There are three different ways of comparing two lists and deriving common values there. Which is the right one? It depends what you’re optimising for. For absolute beginners, the nested
for loops might be easiest to read, comprehend and maintain. There’s something pleasing about the logical progression, the indents, the almost natural language.
The list comprehension has this too, if a little bit more confused. You have to get list comprehensions to be able to grok the second example.
Same with the third example, using Python’s
set data type and
intersection() method. This requires a little depth of knowledge about Python’s in-built tools, but there’s no reason to suppose that if you’re in a professional dev team working on a Python code base that anyone wouldn’t know this syntax.
And you wouldn’t to err on the side of basic, verbose code (and not take advantage of built in methods/classes) for the benefit of the lowest common denominator, would you? I’m undecided on which is the better option in which scenario.
Back to code commenting.
Uncle Bob: Godfather of Clean Code
Uncle Bob doesn’t like code that doesn’t express itself, but as a learning tool I found commenting my code very useful. It helped me code deliberately by setting out what I wanted to achieve with the next few lines. Looking back now, clearly my nested
for loop iterated through
b and appended a value to
common if that value was in both lists. But writing out what I wanted to achieve first kept me focussed (selection and maintenance of the aim).
Looking back, commenting every few lines of code isn’t something I’d do now. Putting a high quality docstring into a function that describes its parameters and return values is something I’m in the habit of doing instead.
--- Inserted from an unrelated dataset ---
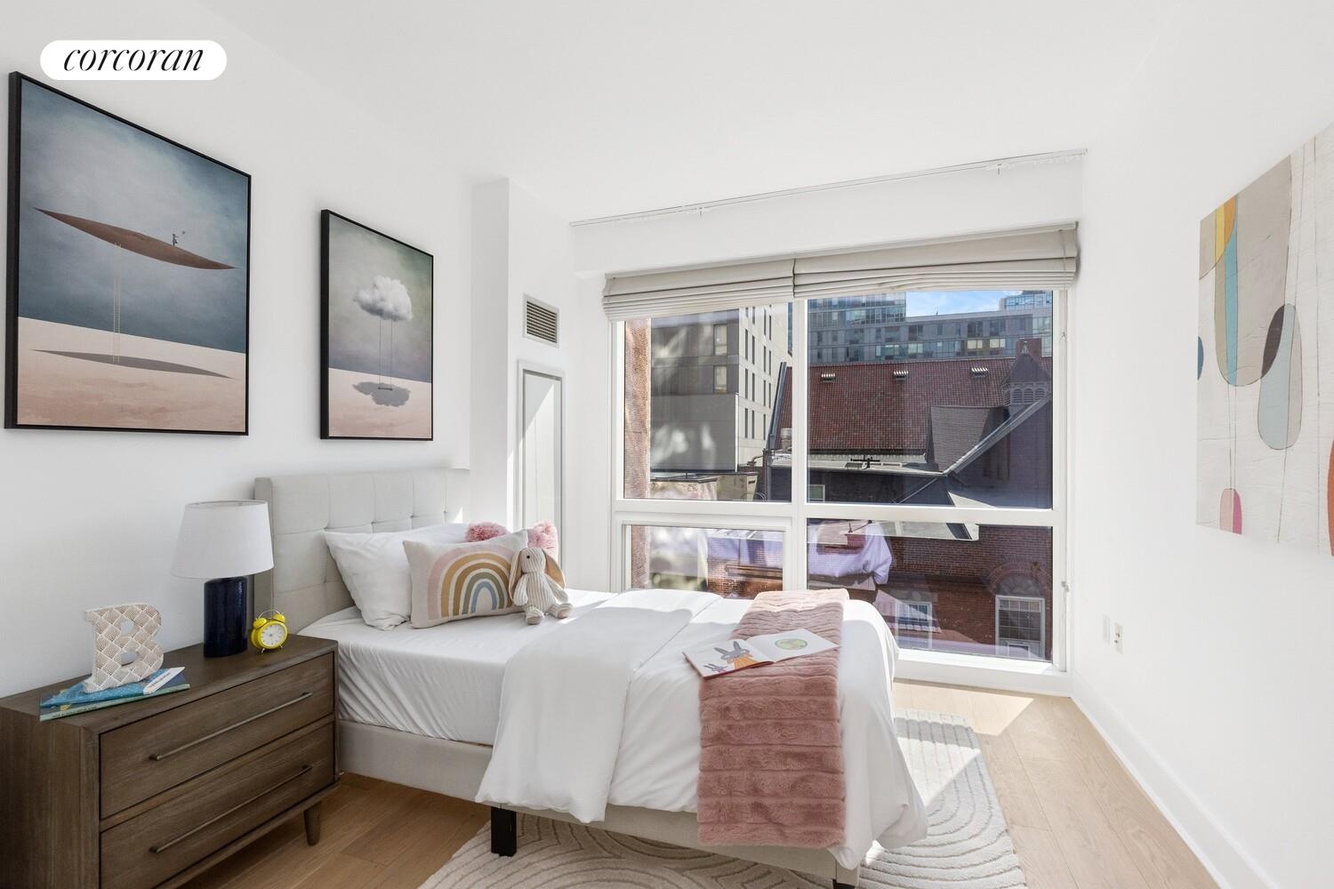 The second and third bedrooms are well-proportioned and filled with natural light, each with its own closet. They share a beautifully finished hall bathroom clad in Blue Azur Limestone, also featuring Waterworks hardware and refined detailing.

But when I learn a new concept or use a new library I will be using comments to help me along the way.
pset7: survey (user input -> HTML form -> csv on the server -> displaying on an HTML table
I really enjoyed this. I didn’t think I would. I don’t excel at making things pretty, getting the colours right, styling them divs. But I liked making this web form that had to take user input, save it to a CSV and then display it back to the user using the DataTables JQuery plugin.
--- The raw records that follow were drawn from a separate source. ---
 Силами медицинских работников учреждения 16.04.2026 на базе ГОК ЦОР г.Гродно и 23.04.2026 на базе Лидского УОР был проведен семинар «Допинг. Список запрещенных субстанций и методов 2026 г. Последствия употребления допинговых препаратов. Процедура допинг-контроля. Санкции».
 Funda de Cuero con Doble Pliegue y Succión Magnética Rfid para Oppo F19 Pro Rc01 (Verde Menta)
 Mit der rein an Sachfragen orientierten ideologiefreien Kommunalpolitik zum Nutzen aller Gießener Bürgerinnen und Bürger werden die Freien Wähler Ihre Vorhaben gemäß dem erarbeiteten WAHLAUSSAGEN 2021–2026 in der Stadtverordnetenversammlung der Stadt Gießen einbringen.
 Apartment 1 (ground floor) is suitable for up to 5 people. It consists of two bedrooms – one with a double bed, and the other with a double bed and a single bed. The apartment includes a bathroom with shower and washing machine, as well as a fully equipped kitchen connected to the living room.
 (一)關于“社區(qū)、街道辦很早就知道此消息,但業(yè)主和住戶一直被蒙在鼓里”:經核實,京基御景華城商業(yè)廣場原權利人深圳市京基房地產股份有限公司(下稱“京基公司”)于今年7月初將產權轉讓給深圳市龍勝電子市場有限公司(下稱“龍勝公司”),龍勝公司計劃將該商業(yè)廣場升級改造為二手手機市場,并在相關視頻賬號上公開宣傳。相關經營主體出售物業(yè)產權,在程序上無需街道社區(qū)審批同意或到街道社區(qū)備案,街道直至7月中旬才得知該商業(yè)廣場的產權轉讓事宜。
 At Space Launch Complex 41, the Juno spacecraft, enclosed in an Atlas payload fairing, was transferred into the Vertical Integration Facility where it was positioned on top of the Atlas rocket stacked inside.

I think it’s because I encounter such truly terrible user interfaces every. single. day. that having the opportunity to create my own allowed me to, in a small way, put my money where my mouth was. It can be done better.
I chose to do a fuel order form. It had some carry over to something I was working on at work, so I had the data inputs already in my head ready to go.
Biggest thing I learned from this was responsiveness: making a website useable no matter what size screen the user accesses it from. This is huge - ginormous - as in Q4 2019 52.6% of web traffic was to/from a mobile device.
Best thing for making responsive websites? Bootstrap, grid, flexbox? All fantastic. But limited in utility unless you can test it from your laptop while developing. Step in browser dev tools!
All the major ones have this. It was a revalation for me to be able to see what my website would look like on a phone whilst I was building it.
I can thoroughly recommend Firefox Developer Edition. Not because it’s better than Chrome or Safari.
But because you get ‘Developer Edition’ in the title and a different colour logo:
If that doesn’t make any budding full-stack engineer feel warm and fuzzy then I don’t know what will.
DataTables is also a really nice way of making a HTML form look nice and be much more useful to the user (searching, pagination). I haven’t explored JQuery in too much depth, other than reading ‘Is JQuery dead?’ articles and listening to podcasts about how React/Vue/Angular etc. have ‘finally killed JQuery’. But it seemed OK to me, especially for such a simple use case. Going down the React route via npm would have been overkill, I think.
This fuel order was submitted by my wife. She’s from Mars.
That’s it for pset7. One more constrained problem set and then an open-ended final project of the student’s choice to go.